Great things do not need to take a long time, and this citrus, cream, and blueberry, parfait is proof. Even with the delicious addition of lemon crisps for decoration, this dessert can be ready in under 25 minutes.
Not only is this recipe quick and easy to make, but it is also packed with deliciousness. The thick, syrupy blueberries nestle alongside whipped cream and a sharp tang of citrus fruits from the curd to create this decadent treat. Here lime and lemon curd comes straight from the jar, but you can always make some if you have the time - it too is quick and easy.
Can't find lime and lemon curd or don't have the time to make it? No worries. Merely use lemon curd, which is much easier to find or make.
And one more great thing, the parfaits can be made ahead of time and chilled in the fridge until you need them. This means you've got a great go-to recipe for any special occasions or just because.
- For the Lemon Crisps:
- 4 tablespoons sugar
- 4 tablespoon water (cold)
- 1/2 lemon (washed, cut into thin slices)
- For the Parfaits:
- 1/4 cup sugar
- 1/4 cup water
- 1 cups blueberries (fresh)
- 1 1/2 cups heavy cream
- 1/2 cup lime and lemon curd
Gather the ingredients.
Heat the oven to 320 F and line a baking sheet with greaseproof paper.
Put the sugar and cold water into a small saucepan. Bring to a rapid boil and cook for 3 minutes to dissolve the sugar and cook until the liquid is syrupy.
Lay the lemon slices on the baking tray and paint liberally with the sugar syrup.
Put into the middle of the hot oven and bake for 20 minutes, until golden and crisp. Check after 15 minutes and if the lemons are turning too dark, remove from the oven. Leave to cool.
While the lemons are cooking, make the parfait.

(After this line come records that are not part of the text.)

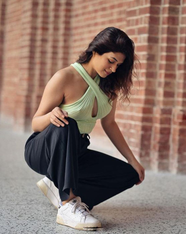 தொடர்ந்து வெளியிட்டு தனது ரசிகர்களை அடிக்கடி சந்தோஷப்படுத்தி வருகிறார். அந்த வகையில் தற்போது, முன்னழகை காட்டி வெறித்தனமாக போஸ் கொடுத்து ரசிகர்களை சுண்டி இழுத்துள்ளார்.
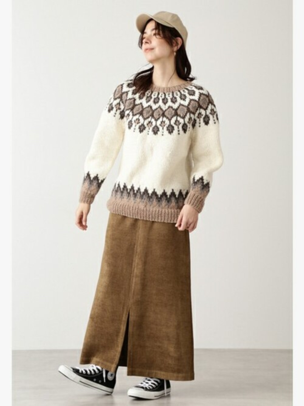 ノルディック柄のニット×モールジャガード素材スカートで、冬らしさ溢れるコーディネートに。小物はキャップとスニーカーで外してカジュアルダウン。
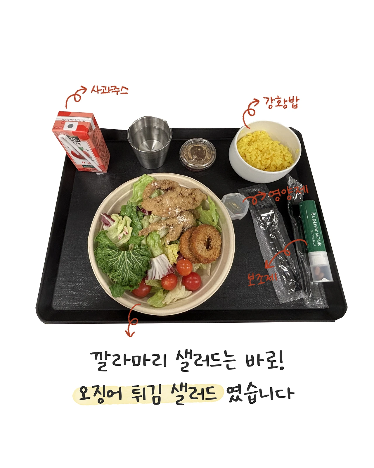 당연하게도 밀가루와 멀리 해야하는 저에게는 한줄기 빛같은 튀김 샐러드였어요 :-)
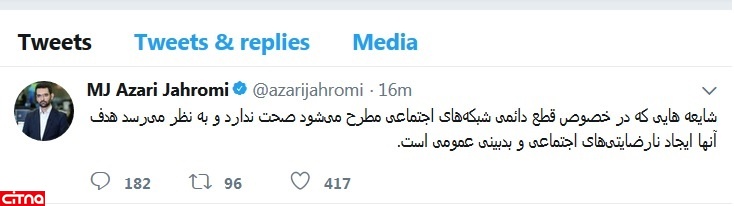 "شایعه هایی که در خصوص قطع دائمی شبکههای اجتماعی مطرح میشود صحت ندارد و به نظر میرسد هدف آنها ایجاد نارضایتیهای اجتماعی و بدبینی عمومی است".
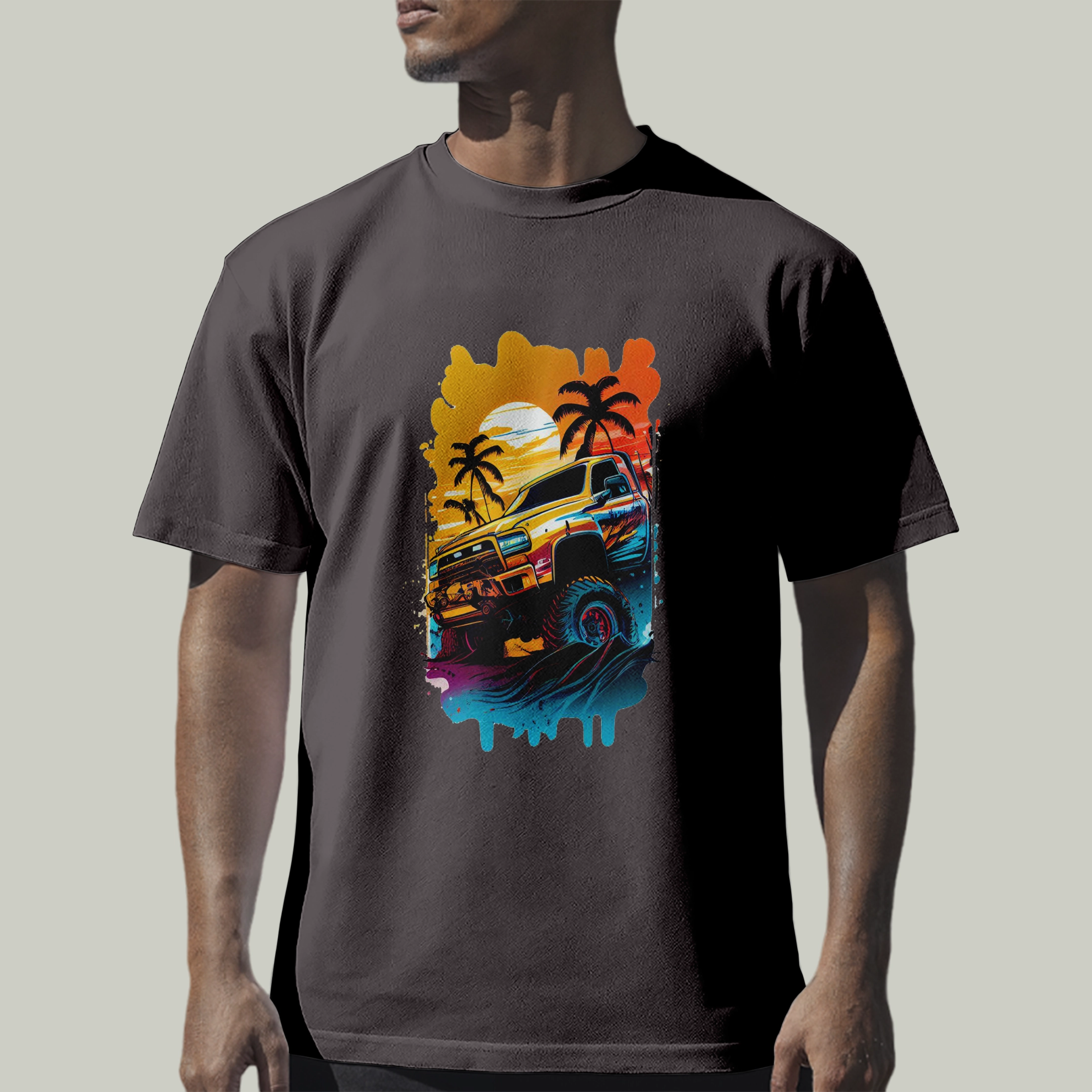 لو بتحب الجرافيك ستايل وتفاصيل الجيمز، التيشرت ده ليك! تصميم سيارة مطبوعة على الصدر برسومات مستوحاة من GTA، تيشرت قطن عالي الجودة.

Put the sugar, water, and blueberries into a small saucepan. Cook over a medium heat until the water has reduced and the blueberries are just starting to burst. Remove from the heat and leave to cool.
Lightly whip the cream to soft peaks.
Once the blueberries are cool, assemble the parfait. Start with a deep layer of cream into a Champagne or wine flute. Top the cream with the syrupy blueberries and a thin layer of the lemon curd. Repeat this finishing with a layer of cream. Onto this, pile a few fresh blueberries and finish with the lemon crisp.
Chill the parfaits until needed. Serve with tiny shortbread biscuits (optional).
- The combination in this recipe is a lovely match of flavors and colors, but sometimes it is lovely to changes things up. Instead of the lime and lemon curd, you could replace it with just lemon.
- Add a tiny speck of vanilla bean paste to the cream before whisking -- be sparing though, as too much will spoil the balance of this delicious dessert.